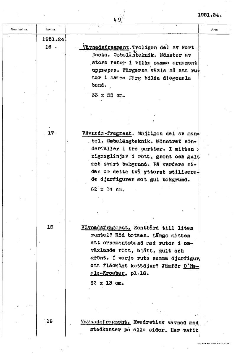 1951.24. 4 9, 1951.24 16 VäynadsfreAment.Trolig4n del av kort jacka. Gobelanteknik. Mönster ev stora rutor i vilka samme ornament upprepas. Färgerna växla så att ru tor i samma färg bilda diagonala band. 33 x 33 cm. 17 Vävnads-fragment. Möjligen del av gen tel. Gobelängteknik, Mönstret sön- derfaller i tre partir. 1 mitten zigzsglinjar i rötte grönt och gul mot svart bakgrund. På vardera si- dan om detta två ytterst stilisera de djurfigurer mot gul bakgrund. 82 x 34 cm. 18 Vävnadsframin4 Kantbård till liten mantel? Röd botten. ange mitten ett ornamentsband med rutor 1 om- växlande rötte bläng gult och grönt. / varje ruta samma djurfigu ett fläckigt kattdjur? Jämför O.NO- ale-Kroebere p1018. 82 x 13 cm. 19 Vävnadsfragmeht. Kvadratisk vävnad med. stadkanter på alle sidor. Her varit [ocr]Stäng
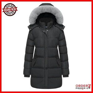 Women's Winter Puffer Coat with Removable Hood, Thick Insulation
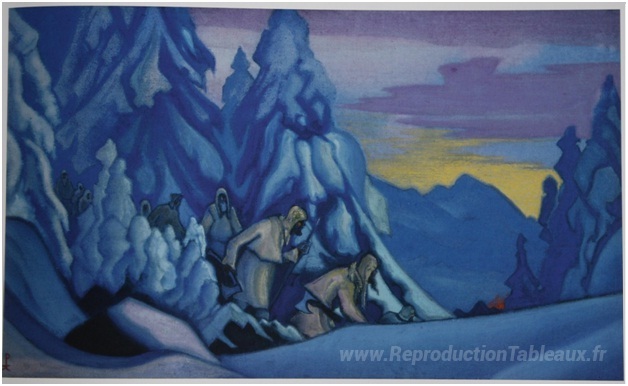 Nous vous proposons une reproduction artisanale sur toile du célèbre tableau 'Partigiani' de Nicholas Roerich, provenant du Musée de la Reproduction.
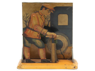 dimensions : 11 X 7 X 12 cm - une manivelle permet de faire bouger les bras & le haut de la pompe à main afin de simuler le gonflage d'une roue - très légères déformations avec petites traces d'oxydation (principalement sur le socle avec une petite perforation)
........
_Task goal_.
Repeat the exact lines from the first line of the data through the line containing "Women's Winter Puffer". Nothing else, no pictures.

_Expected answer_.
 1951.24. 4 9, 1951.24 16 VäynadsfreAment.Trolig4n del av kort jacka. Gobelanteknik. Mönster ev stora rutor i vilka samme ornament upprepas. Färgerna växla så att ru tor i samma färg bilda diagonala band. 33 x 33 cm. 17 Vävnads-fragment. Möjligen del av gen tel. Gobelängteknik, Mönstret sön- derfaller i tre partir. 1 mitten zigzsglinjar i rötte grönt och gul mot svart bakgrund. På vardera si- dan om detta två ytterst stilisera de djurfigurer mot gul bakgrund. 82 x 34 cm. 18 Vävnadsframin4 Kantbård till liten mantel? Röd botten. ange mitten ett ornamentsband med rutor 1 om- växlande rötte bläng gult och grönt. / varje ruta samma djurfigu ett fläckigt kattdjur? Jämför O.NO- ale-Kroebere p1018. 82 x 13 cm. 19 Vävnadsfragmeht. Kvadratisk vävnad med. stadkanter på alle sidor. Her varit [ocr]Stäng
 Women's Winter Puffer Coat with Removable Hood, Thick Insulation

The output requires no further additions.